Following recent posts about Lincoln Chafee talking about running for the Democratic nomination I began looking to see if there are any other issues where the two have major differences besides Clinton’s support for the Iraq war, which he has been attacking Hillary Clinton on. I was pleased to see that back in 2011 Chaffee called for a reclassification of medical marijuana from a Schedule I controlled substances, which puts states which have legalized medical marijuana at odds with federal laws.
Three years later, Martin O’Malley took this a step even further, signing a bill decriminalizing marijuana, while opposing outright legalization. Hillary Clinton, as would be expected from her overall cultural conservatism, has lagged behind the country, and the Democratic Party, on both legalization of marijuana and medical marijuana.
On a related issue, Clinton’s opposition to needle exchange programs, while certainly not a major issue, was also an early issue in the 2008 nomination battle which differentiated the political philosophies of Clinton from the more liberal Barack Obama. Martin O’Malley, who is also moving well to the left on economic issues, signed a bill allowing needle exchange in Maryland. Clinton and Obama also differed in 2008 on reforming sentencing for violation of drug laws. While Obama’s record on the drug war has certainly been mixed, I would hate to see a move further to the right under Clinton.

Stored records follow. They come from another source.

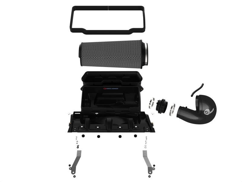 This massive 18” tall 360-degree radial flow air filter features our pre-oiled black Pro 5R media with five layers of progressively finer cotton gauze media for maximum performance. It provides your engine with the largest amount of high-flowing air and delivers the highest power gains in most cases. This media is perfect for street and/or track use. This air filter is surrounded by expanded metal that provides additional protection, preventing filter collapse and direct impact. The included massive air filter is surrounded by an open-element XLPE (cross-linked polyethylene) polymer housing that minimizes warm engine air for maximum performance. Its open design allows for easy viewing of the air filter and delivers an aggressive Air Intake sound. The housing incorporates both the factory hood air inlet scoop and the grille inlet using no additional hardware. The lightweight tubes are computer-designed to achieve maximum power gains while maintaining a perfect fit. Manufactured from 100% twill weave carbon fiber, they feature zero fiberglass and are clear-coated for the highest quality construction. Premium stainless steel clamps and a flexible silicone coupling are used for strength and durability while also providing the most secure installation available.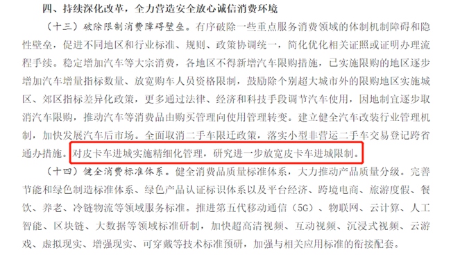 近日,国务院办公厅印发《关于进一步释放消费潜力促进消费持续恢复的意见》,其中明确提出,对皮卡车进城实施精细化管理,研究进一步放宽皮卡车进城限制。这无疑再次为皮卡行业注入一剂强心针,推动更大范围的皮卡解禁,有力提振中国皮卡市场的繁荣发展!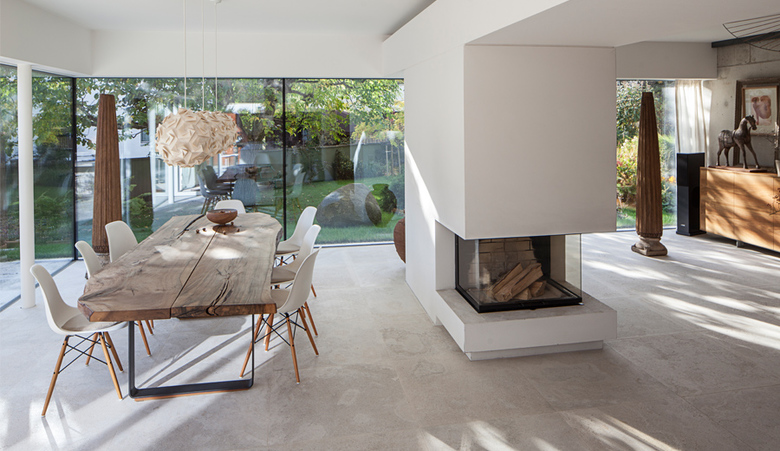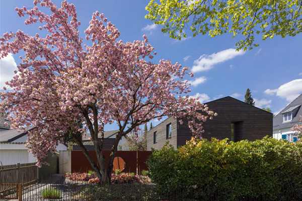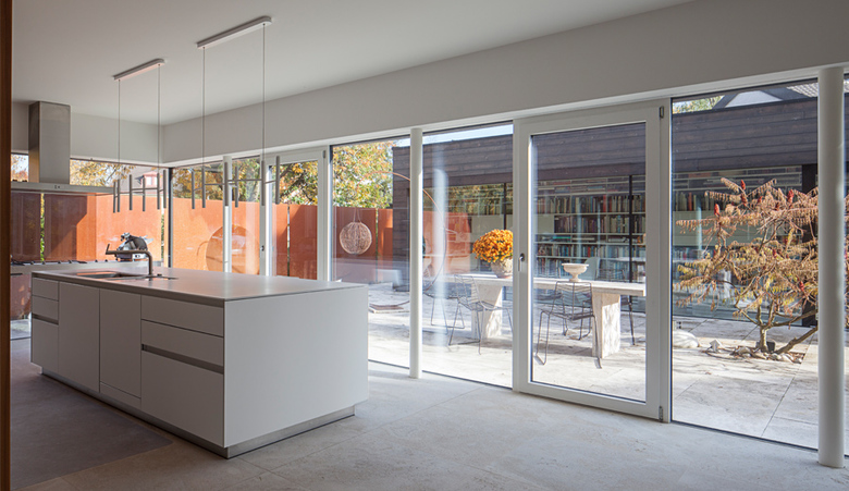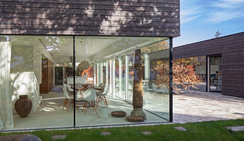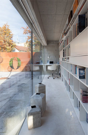 Statt eines klassischen Einfamilienhauses entstand in Pullach bei München ein Ensemble aus mehreren Bauten. Das zweigeschossige Wohngebäude mit Satteldach umfasst ein loftartiges, fast völlig offenes Erdgeschoss mit großzügigen Glasfronten sowie eine obere Etage mit Bädern und Schlafzimmern. Dem Wohngebäude ist ein eingeschossiges L-förmiges Gebäude gegenübergestellt, das als Bibliothek und Arbeitsplatz dient. Dazwischen ergibt sich ein privater Innenhof, der durch eine freistehende Wand aus Stahlplatten zur Straße hin abgeschirmt wird und vor unerwünschten Einblicken schützt. Trotz großer Transparenz entsteht durch klar definierte und zueinander in Beziehung stehende Innen und- Aussenräume ein zeitgemäßer Lebensraum, der zugleich Offenheit und Rückzug ermöglicht.

Clinton’s cultural conservatism and promotion of conservative causes has often been traced to her membership in The Fellowship while in the Senate. From Mother Jones in 2007:
Through all of her years in Washington, Clinton has been an active participant in conservative Bible study and prayer circles that are part of a secretive Capitol Hill group known as the Fellowship. Her collaborations with right-wingers such as Senator Sam Brownback (R-Kan.) and former Senator Rick Santorum (R-Pa.) grow in part from that connection…
That’s how it works: The Fellowship isn’t out to turn liberals into conservatives; rather, it convinces politicians they can transcend left and right with an ecumenical faith that rises above politics. Only the faith is always evangelical, and the politics always move rightward…These days, Clinton has graduated from the political wives’ group into what may be Coe’s most elite cell, the weekly Senate Prayer Breakfast. Though weighted Republican, the breakfast—regularly attended by about 40 members—is a bipartisan opportunity for politicians to burnish their reputations, giving Clinton the chance to profess her faith with men such as Brownback as well as the twin terrors of Oklahoma, James Inhofe and Tom Coburn, and, until recently, former Senator George Allen (R-Va.). Democrats in the group include Arkansas Senator Mark Pryor, who told us that the separation of church and state has gone too far; Joe Lieberman (I-Conn.) is also a regular.
Unlikely partnerships have become a Clinton trademark. Some are symbolic, such as her support for a ban on flag burning with Senator Bob Bennett (R-Utah) and funding for research on the dangers of video games with Brownback and Santorum. But Clinton has also joined the gop on legislation that redefines social justice issues in terms of conservative morality, such as an anti-human-trafficking law that withheld funding from groups working on the sex trade if they didn’t condemn prostitution in the proper terms. With Santorum, Clinton co-sponsored the Workplace Religious Freedom Act; she didn’t back off even after Republican senators such as Pennsylvania’s Arlen Specter pulled their names from the bill citing concerns that the measure would protect those refusing to perform key aspects of their jobs—say, pharmacists who won’t fill birth control prescriptions, or police officers who won’t guard abortion clinics.
Clinton has championed federal funding of faith-based social services, which she embraced years before George W. Bush did; Marci Hamilton, author of God vs. the Gavel, says that the Clintons’ approach to faith-based initiatives “set the stage for Bush.” Clinton has also long supported the Defense of Marriage Act, a measure that has become a purity test for any candidate wishing to avoid war with the Christian right…
The libertarian Cato Institute recently observed that Clinton is “adding the paternalistic agenda of the religious right to her old-fashioned liberal paternalism.” Clinton suggests as much herself in her 1996 book, It Takes a Village, where she writes approvingly of religious groups’ access to schools, lessons in Scripture, and “virtue” making a return to the classroom.
As noted in the above excerpt, Clinton’s affiliation with the religious right was seen in her support for the Workplace Religious Freedom Act , a bill introduced by Rick Santorum and opposed by the American Civil Liberties Union for promoting discrimination and reducing access to health care, along with her promotion of restrictions on video games and her introduction of a bill making flag burning a felony. Her social conservatism is also seen in her weak record on abortion rights, such as supporting parental notification laws and stigmatizing women who have abortions with the manner in which she calls for abortion to be “safe, legal and rare.”